Air flow system for circular rotary type engines

Abstract

An air flow system for circular rotary engines which provides external air intake for engine cooling and combustion chamber pressurization and faciliates increased fuel efficiency and performance for either air/fuel intake and pressured fuel injection engines. In a circular rotary engine having opposed piston rotors, exterior air is drawn into the engine through intake slots in the engine housing and is then internally pressured in opposite directions by the blades of a central separator fan toward the backside of piston rotor cooling vanes, then directed internally to impeller fans at opposite ends of the engine to increase the air flow pressure for combustion chamber injection and produce piston rotor by-pass air flow for surface cooling. In a circular rotary engine having a single piston rotor and rotor guide flange, exterior air is drawn into the engine through intake slots in the engine housing and is then directed in opposite directions by the surfaces of the rotor and guide flange surfaces toward the backside of the piston rotor cooling vanes, then directed internally to the impeller fans at opposite ends of the engine.

Description

BACKGROUND OF THE INVENTION

1. Field of the Invention

This invention relates generally to rotary engine air flow systems, and more particularly to an air flow system for circular rotary engines which provides external air intake for engine cooling and combustion chamber pressurization and faciliates increased fuel efficiency and performance for either air/fuel intake and pressured fuel injection engines.

2. Brief Description of the Prior Art

Circular rotary engines and pumps are known in the art, wherein external type fans are used to pass air around external housing fins for cooling, and wherein intake of external air and/or fluid is used during the piston opening motion, creating a vacuum suction and subsequently vacating the chamber on the piston closure stroke or compressing for combustion, through a series of direct chamber intake and exhaust ports.

The air flow system in accordance with the present invention seeks to expand the utilitarian functions of the external air intake and internal engine air flow in circular rotary engines to provide improved engine cooling and combustion chamber pressurization and faciliate increased fuel efficiency and performance for either air/fuel intake and pressured fuel injection engines.

The air flow system in accordance with the present invention is particulary suited for applications in a circular rotary engine of the type described in applicant's U.S. Pat. No. 5,036,809 issued Aug. 6, 1991, which is hereby incorporated by reference.

The present invention is distinguished over the prior art in general, and these patents in particular by an air flow system for circular rotary engines which provides external air intake for engine cooling and combustion chamber pressurization and faciliates increased fuel efficiency and performance for either air/fuel intake and pressured fuel injection engines. In a circular rotary engine having opposed piston rotors, exterior air is drawn into the engine through intake slots in the engine housing and is then internally pressured in opposite directions by the blades of a central separator fan toward the backside of piston rotor cooling vanes, then directed internally to impeller fans at opposite ends of the engine to increase the air flow pressure for combustion chamber injection and produce piston rotor by-pass air flow for surface cooling. In a circular rotary engine having a single piston rotor and rotor guide flange, exterior air is drawn into the engine through intake slots in the engine housing and is then directed in opposite directions by the surfaces of the rotor and guide flange surfaces toward the backside of the piston rotor cooling vanes, then directed internally to the impeller fans at opposite ends of the engine.

SUMMARY OF THE INVENTION

It is therefore an object of the present invention to provide an improved air flow system for circular rotary engines.

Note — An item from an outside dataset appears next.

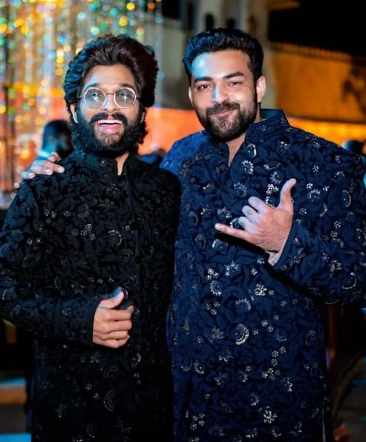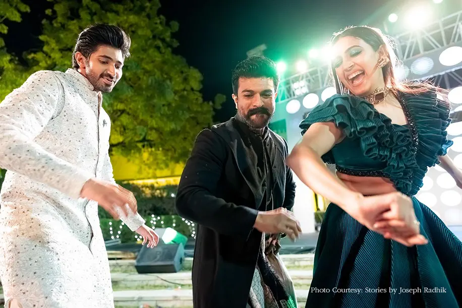 Adorably captioned posts by the bride and her father as well as her cousin and actor Allu Arjun of their arrival in Udaipur by Chartered flights were trending on Monday, getting everyone revved up for the upcoming revelries. The evening began with a glamorous Sangeet brimming with gorgeous decor, dreamy lights, and dazzling performances that lit up the night. Niharika flaunted a deep teal couture piece by Shantanu and Nikhil with a chic sleek hairdo and stunning diamonds, while Chaitanya looked diving in an ivory embroidered sherwani by Kunal Rawal. The couple set the dance floor on fire grooving to Chiranjeevi’s iconic songs. Pics show Ram Charan and Allu Arjun and their wives dressed to the nines as they smile happily.

It is another object of this invention to provide an air flow system having external air intake and multi-directional internal engine air flow circulation to provide improved engine cooling and temperature control of circular rotary engines.

Another object of this invention is to provide an air flow system having external air intake and multi-directional internal engine air flows to conduct air flows directly to each individual piston chamber for air intake, compression, and exhaust vacating after combustion for improved piston chamber cooling of circular rotary engines.

Another object of this invention is to provide an air flow system flow system having multi-directional internal engine air flows for by-pass recirculation of cooling air within the interior of circular rotary engines.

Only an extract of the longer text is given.